The full example code for this article is as follows. We use dataclasses to define the Customer, Order and LineItem classes

from typing import Protocol, Optional, runtime_checkable
from decimal import Decimal
from dataclasses import dataclass
from collections.abc import Sequence


@dataclass
class Customer:
    name: str
    fidelity: int


@dataclass
class LineItem:
    product: str
    quantity: int
    price: Decimal

    def total(self) -> Decimal:
        return self.price * self.quantity


@dataclass(frozen=True)
class Order:
    customer: Customer
    cart: Sequence[LineItem]
    promotion: Optional['Promotion'] = None

    def total(self) -> Decimal:
        totals = (item.total() for item in self.cart)
        return sum(totals, start=Decimal(0))

    def due(self) -> Decimal:
        if self.promotion is None:
            discount = Decimal(0)
        else:
            discount = self.promotion(self)
        return self.total() - discount

    def __repr__(self):
        return f'<Order total: {self.total():.2f} due: {self.due():.2f}>'
    

@runtime_checkable
class Promotion(Protocol):
    def __call__(self, order: Order) -> Decimal: ...
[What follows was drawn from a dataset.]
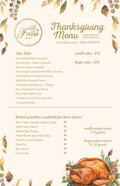 Regular price $0.00Eat, Drink and Be Thankful! Let us make your Thanksgiving gathering less stressful for you. We encourage orders to be placed in advance and not last minute if possible.
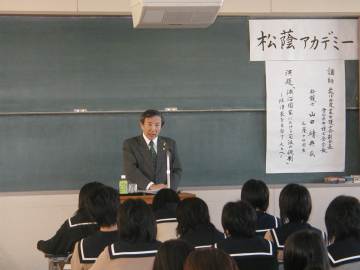 12月8日(土)午前中に昨年度から始まった「松蔭アカデミー」が引き続き今年度も本校視聴覚室で開催されました。社会で活躍されている卒業生を講師としてお招きし、名前の通り日頃は聞けないお話を生徒だけでなく保護者、卒業生が聞く行事です。

promos: list[Promotion] = []


def best_promo(order: Order) -> Decimal:
    return max(promo(order) for promo in promos)


class Fidelity:
    def __call__(self, order: Order) -> Decimal:
        if order.customer.fidelity >= 1000:
            return order.total() * Decimal('0.05')
        
        return Decimal(0)


class BulkItem:
    def __call__(self, order: Order) -> Decimal:
        discount = Decimal(0)
        for item in order.cart:
            if item.quantity >= 20:
                discount += item.total() * Decimal('0.1')
        
        return discount


class LargeOrder:
    def __call__(self, order: Order) -> Decimal:
        distinct_items = {item.product for item in order.cart}
        if len(distinct_items) >= 10:
            return order.total() * Decimal('0.07')
        
        return Decimal(0)


if __name__ == "__main__":
    promos.extend([Fidelity(), BulkItem(), LargeOrder()])

    print(promos)
    print(type(promos[0]))
    print(isinstance(promos[0], Promotion))

    joe = Customer('John Doe', 0)
    cart = [
        LineItem('banana', 4, Decimal('.5')),
        LineItem('apple', 10, Decimal('1.5')),
        LineItem('watermelon', 5, Decimal(5))
    ]

    order = Order(joe, cart, best_promo)
    print(order)

    # Test for fidelity promo
    joe.fidelity = 1000
    order = Order(joe, cart, best_promo)
    print(order)

    # Test for bulk item promo
    cart.append(LineItem('bananas', 21, Decimal('.5')))
    order = Order(joe, cart, best_promo)
    print(order)

By using Protocols, we managed to decouple the promotion functions from the codebase. If this were defined using inheritance via abstract base classes, we would need to create a custom class for each promotion, thereby creating a hierachy of inheritance. In this case, there is no clear relationship between the orders and promotions apart from during the checkout process and since promotions can change over time, using protocols allow us to decouple the implementation of the promotions away from the underlying base classes. To remove a promotion, we just remove it from the promos list.

In addition, we can utilise python’s type hints and external type checkers such as mypy. For the example above, we could run mypy as so:

pip install mypy

mypy protocols_example.py # => Success: no issues found in 1 source file

In this post, I aim to explain what python protocols are at a high level and provide a simple implementation of its usage. Future posts will attempt to highlight more advanced use cases of Protocol.